Halladay pitches for the Blue Jays in 2009

Roy Halladay (May 14, 1977 – November 7, 2017) was an American top notch pitcher in the Major League Baseball. Nicknamed the Doctor, Roy has pitched amazingly for the Toronto Blue Jays and the Philadelphia Phillies. He is 8-4, a incredible 84 strikeouts and a ERA of 1.96

Early lifeEdit

Born in Denver, Colorado, Halladay grew up in the suburb of Arvada; his father flew planes for a food processing company while his mother was a homemaker. From an early age, Halladay loved baseball; he sampled every position on the field until, by age 14, his success on the pitcher’s mound attracted the attention of major league scouts. In 1995, after graduating from Arvada West High School, he was picked up by the Toronto Blue Jays in the amateur draft. Four seasons in the minors later, the strapping right-hander made the team and immediately proved his worth.[1]



During the 2000 season, Halladay sported a 10.64 ERA in 19 games, 13 of which he started. At the beginning of the 2001 season, Halladay was optioned to Class A Dunedin Blue Jays to rebuild his delivery.

Halladay's fastball was clocked up to 95mph but it had little movement and his pitches were up in the strike zone, which was ultimately the reason why his 2000 season was so unsuccessful. He worked with former Jays pitching coach Mel Queen. The problem, Queen realized, was Halladay’s total reliance on his strength—his attempt to overpower batters with straight-ahead pitches. Within two weeks, Halladay remade himself, altering his arm angle for a more deceptive delivery and adding pitches that sank and careened.[2] Instead of throwing over the top, he went to more of a three-quarters sidearm delivery (the middle point between throwing overhand and sidearm). He went from a being a pitcher who relied on his fastball to one who delivers everything down, regardless of the type of pitch he throws. The adjustments were proven to be successful. After a month and a half, he was promoted to class AA Tennessee, and then, a month later, to class AAA Syracuse. By mid-season, he was back in the Jays’ rotation. He posted a 5–3 record with a 3.19 ERA for the Jays in 16 starts in 2001.


Halladay had one of his best seasons in 2002, as he posted career highs in wins, ERA, strikeouts, and innings pitched. Halladay made the All-Star team, and finished with a 19–7 record with 168 strikeouts and a 2.93 earned run average. His 19 wins were the most by a Blue Jay since David Wells won 20 in 2000. He established himself as one of the better starting pitchers in baseball.


Halladay's 2003 season was even better. He posted a 22–7 record, 204 strikeouts and a 3.25 earned run average, which won him the American League Cy Young Award. In 2003, he also led the American League in innings pitched with 266.0 and tied for the American League lead in complete games with nine. He helped the Blue Jays reach a surprising 86 victories.


In 2004, Halladay was placed on the DL twice due to right shoulder problems. In just 133.0 innings, he went 8–8 with a 4.20 ERA. He walked 39 batters, seven more than he had walked in 2003, when he pitched twice as many innings.


The 2005 season began successfully for Halladay, as he proved to be one of the best pitchers in the American League by going 12–4 with a 2.41 ERA in 19 starts. A favorite to win his second Cy Young award, he was selected to his third All-Star team and was slated to be the starting pitcher for the American League at the All-Star Game in Detroit. However, on July 8, Halladay's leg was broken by a line drive off the bat of Texas Rangers left fielder Kevin Mench (now a Blue Jay). As a result, he was replaced in the All-Star Game by Matt Clement of the Boston Red Sox, while Mark Buehrle of the Chicago White Sox was named as the starting pitcher for the American League. Despite rehabilitation of his leg, Halladay would sit out the remainder of the season.

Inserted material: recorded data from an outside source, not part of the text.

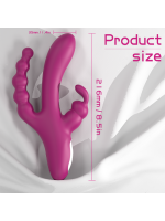 İçerisinde yer alan iki güçlü titreşim motoru, hem ana gövdede hem de klitoral uyarım için tasarlanmış küçük uzantıda çalışarak çoklu bölgelere aynı anda etki eder. Esnek yapısı sayesinde vücut anatomisine mükemmel uyum sağlar ve her hassas noktaya nazikçe temas eder. Üçüncü uç ise anal uyarım için özel olarak konumlandırılmıştır ve daha derin hisler yaratmak için idealdir.
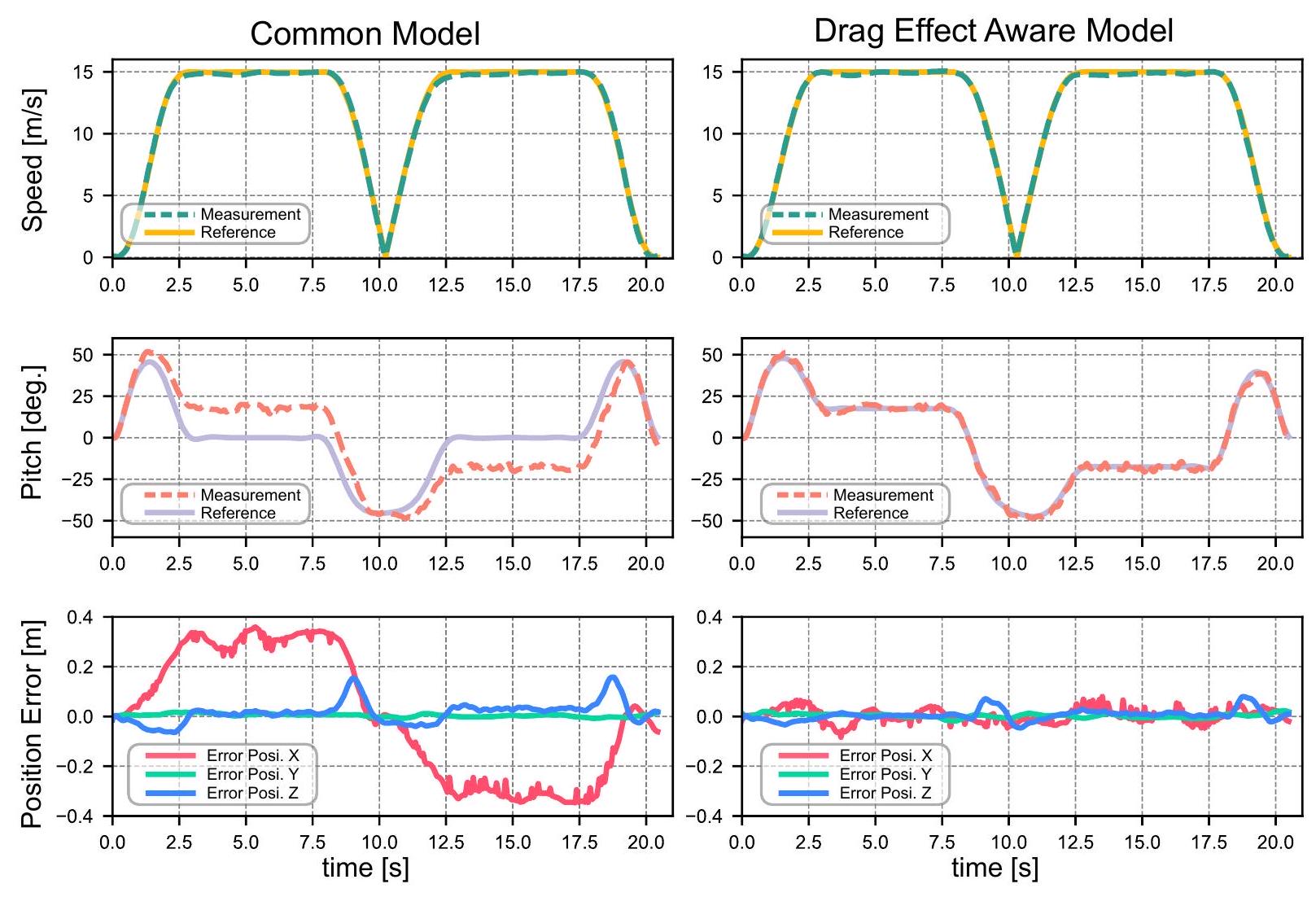 Fig. S13. 不同无人机模型下 MPC 跟踪性能比较。速度、俯仰角和各轴位置跟踪误差的绘图。
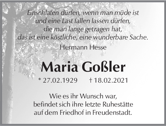 †18.02.2021, Ruhestätte: Friedhof Freudenstadt
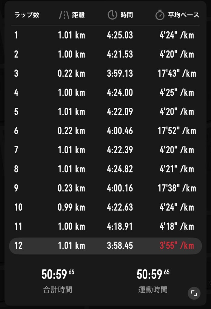 最後に、私だけ1,000mを追加し、週末のレースペースで走りました。
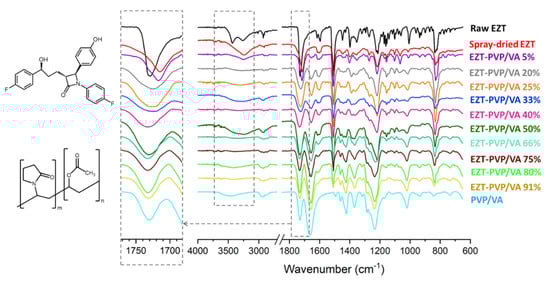 FTIR spectra of raw EZT, PVP/VA and EZT-PVP/VA solid dispersions.
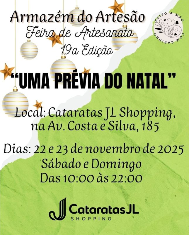 O fim de semana em Foz do Iguaçu será recheado de arte e artesanato. A 19.ª edição da Feira de Artesanato Armazém do Artesão ocorrerá nos dias 22 e 23 de novembro no Cataratas JL Shopping.
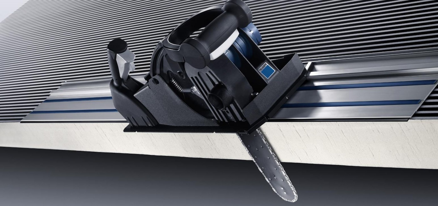 Swiveling 90° blade, well-suited for perpendicular cutouts with a depth of up to 6.5 inches.
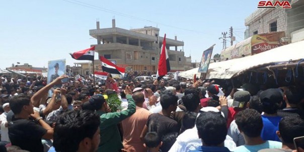 Военкор агентства САНА сообщил, что сотни жителей селения собрались на главной площади, подняв национальный влаг и скандируя лозунги с призывами сплотиться вокруг Сирийской армии, которая добивается побед над террористическими организациями в различных регионах страны.
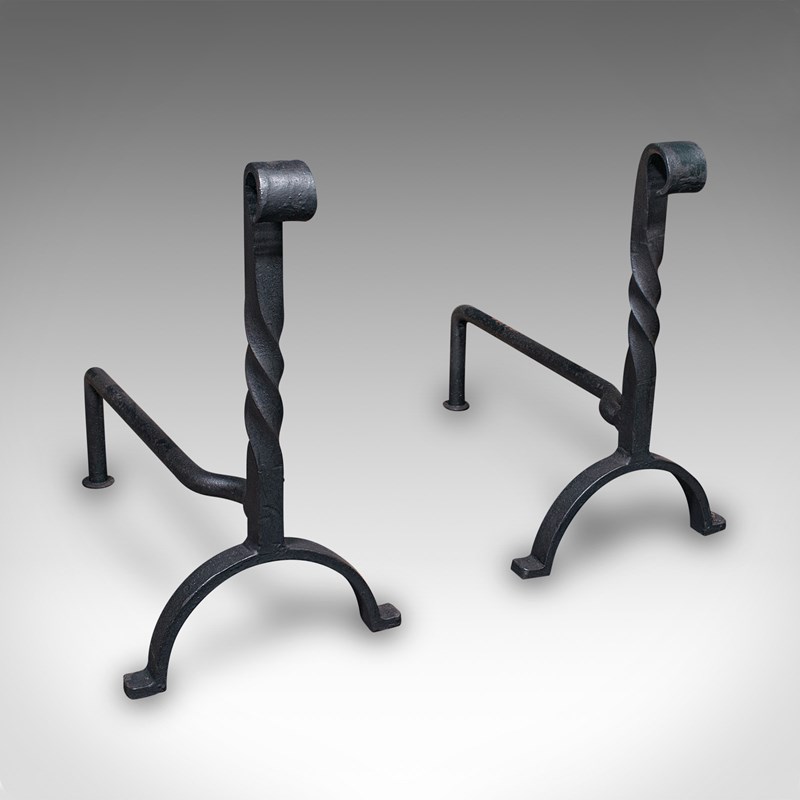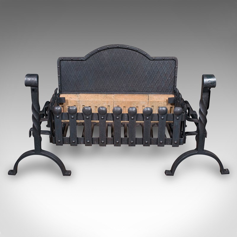 Accompanied by a pair of handsome fire dogs, supporting the basket with elegance and stability
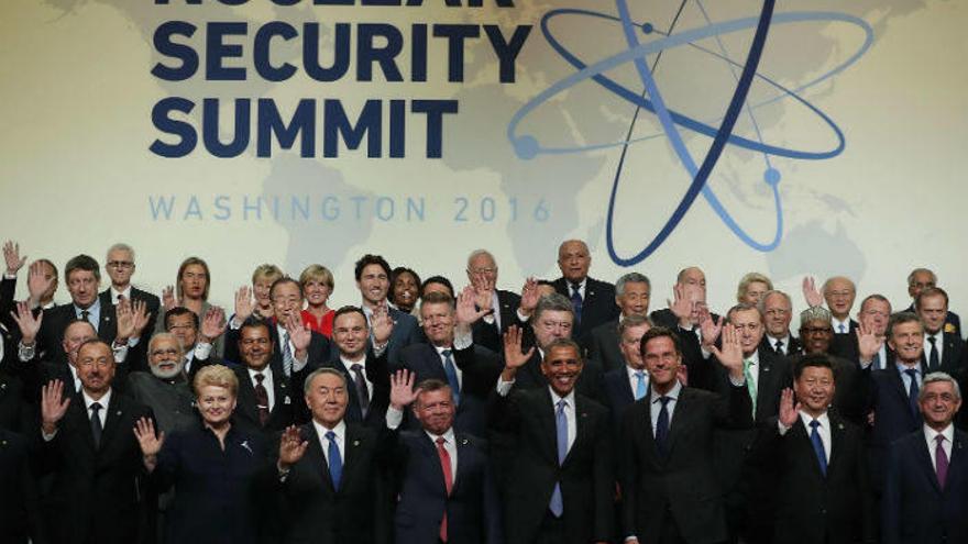 Washington - El presidente de Estados Unidos, Barack Obama, hizo de anfitrión ayer de los líderes de cincuenta países en la Cumbre de Seguridad Nuclear celebrada en Washington y que se centró en evitar que los materiales necesarios para construir un arma atómica caigan en manos de grupos terroristas como el Estado Islámico (EI). Con una cena de bienvenida en la Casa Blanca, Obama inició el jueves la cuarta Cumbre de Seguridad Nuclear, en la que los líderes mundiales debatieron sobre medidas para evitar que el grupo yihadista acceda a los materiales nucleares que varios países albergan para su uso civil o militar.
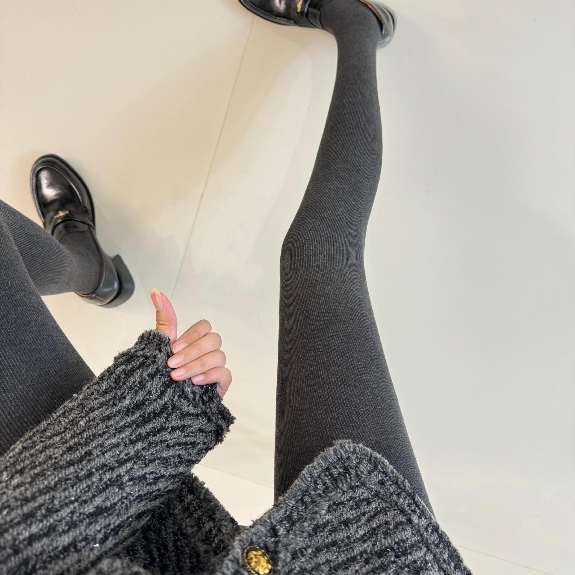 秋冬にぴったりのスリムプラスベルベットグレーレギンス! ~縦縞がスリムで微圧感があり暖かい黒

On March 16, 2006, Halladay signed a $40 million, 3-year contract that will keep him with the club through 2010.

During 2006, Halladay finished near the top of the MLB in wins with 16. He was named to the American League All-Star Team as a reserve on July 3, 2006, along with four of his Jays teammates. It marked the second-most appearances in club history, and Halladay's fourth as an All-Star. Although Halladay's strikeout total was lower in 2006 than in previous seasons, his groundball-to-flyball ratio, complete games, and innings pitched were all among the American League leaders.


Halladay was the American league pitcher of the month in April, going 4–0, highlighted by a 10-inning complete game win over the Detroit Tigers. However, he pitched poorly in his two starts in May, and on May 11 was placed on the disabled list and underwent an appendectomy. He returned to the rotation in his usual form on May 31 against the Chicago White Sox. Halladay went 7 innings, giving up just six hits and allowing no runs on his way to his 100th career win. 2007 also saw Halladay drive in his first career RBI. Against the LA Dodgers on June 10th, his ground ball single to center field allowed John McDonald to score. He shut out the Seattle Mariners on July 22, allowing only three hits.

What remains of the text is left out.